Turning code into a graph means, per language: a tree-sitter walk, node-kind normalization, qualified-name and namespace conventions, signature extraction, and cross-file reference resolution. Most tools that need a code graph re-implement this from scratch.

code2graph does it once, behind a neutral output and a stable identity scheme, so a consumer builds its own layer (retrieval, analysis, navigation) without redoing parsing. The wider ecosystem can share one substrate instead of many bespoke ones.

## When to use code2graph

**Use it when you're building a tool that needs to understand code structure — and you want to own the storage and policy decisions yourself.**

code2graph is a **low-level primitive**, not a finished product. If your tool needs symbols, a reference graph, and cross-file edges, you have two choices: re-implement per-language tree-sitter walks, SCIP-aligned identity, and cross-file resolution from scratch (and maintain all of it as grammars drift), or depend on code2graph and get neutral facts out of the box.

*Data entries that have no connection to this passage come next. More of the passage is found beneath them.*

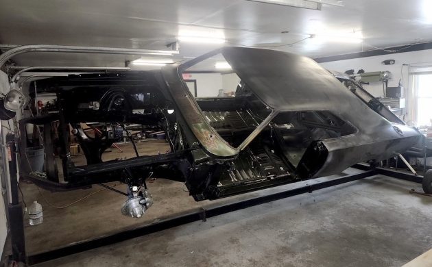 This one’s said to be just off the rotisserie, with the above photo showing how the car appeared during this important restoration step. We don’t get to view any pictures of what the Charger looked like before the project began, nor is any information provided regarding what type of bodywork may have taken place, but the seller does confirm that all the body numbers match. Whatever actions were taken seem to be of high quality, and it’s a plus to find that the suspension has also been redone.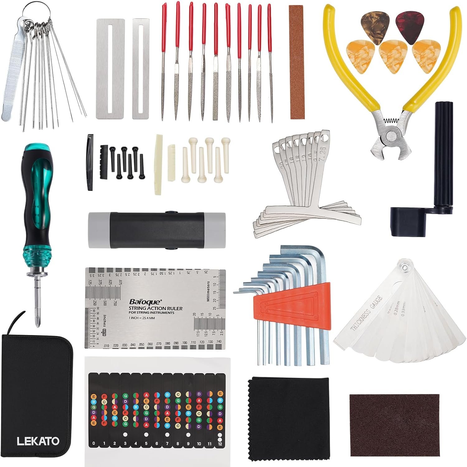 LEKATO Gitarre Reparatur Set, 72Stk Gitarren Pflege Wartung Zubehör mit Brückenstifte Gitarrensattel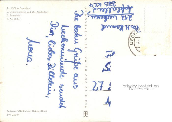 72331999 alte Postkarte Ueckermuende Mecklenburg Vorpommern Strand Hafen Ueckermuendung postalisch gelaufen Erhaltung siehe scans KatCode: 11110013062059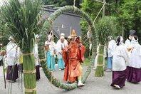 カヤで編んだ茅の輪くぐって登山者や家族の安全、健康をお祈り 南魚沼市の八海山尊神社で御山開き

It exists so other tools don't each rebuild the same conversion layer.

**Storage- and database-agnostic by design.** code2graph hands you plain data — `{ symbols, references, edges }` — and stops. It never persists anything and has no opinion on _where_ the graph lives. Put it in a graph database, a vector store, SQLite, an in-memory index, or flat files — your call.

Most code-intelligence tools ship a baked-in storage engine and a fixed query model bolted to the parser; code2graph deliberately keeps them separate, so you're never fighting someone else's persistence or query opinion.

Reach for it when:

- you're building developer tooling: code search, RAG over code, refactoring, dependency or impact analysis, security scanning — and don't want to own the parsing layer;
- you need a code graph but want to **choose your own storage, index, and query engine**;
- you want honest, deterministic facts with an explicit `Confidence` on every edge. Not a black box that scores, ranks, or persists for you.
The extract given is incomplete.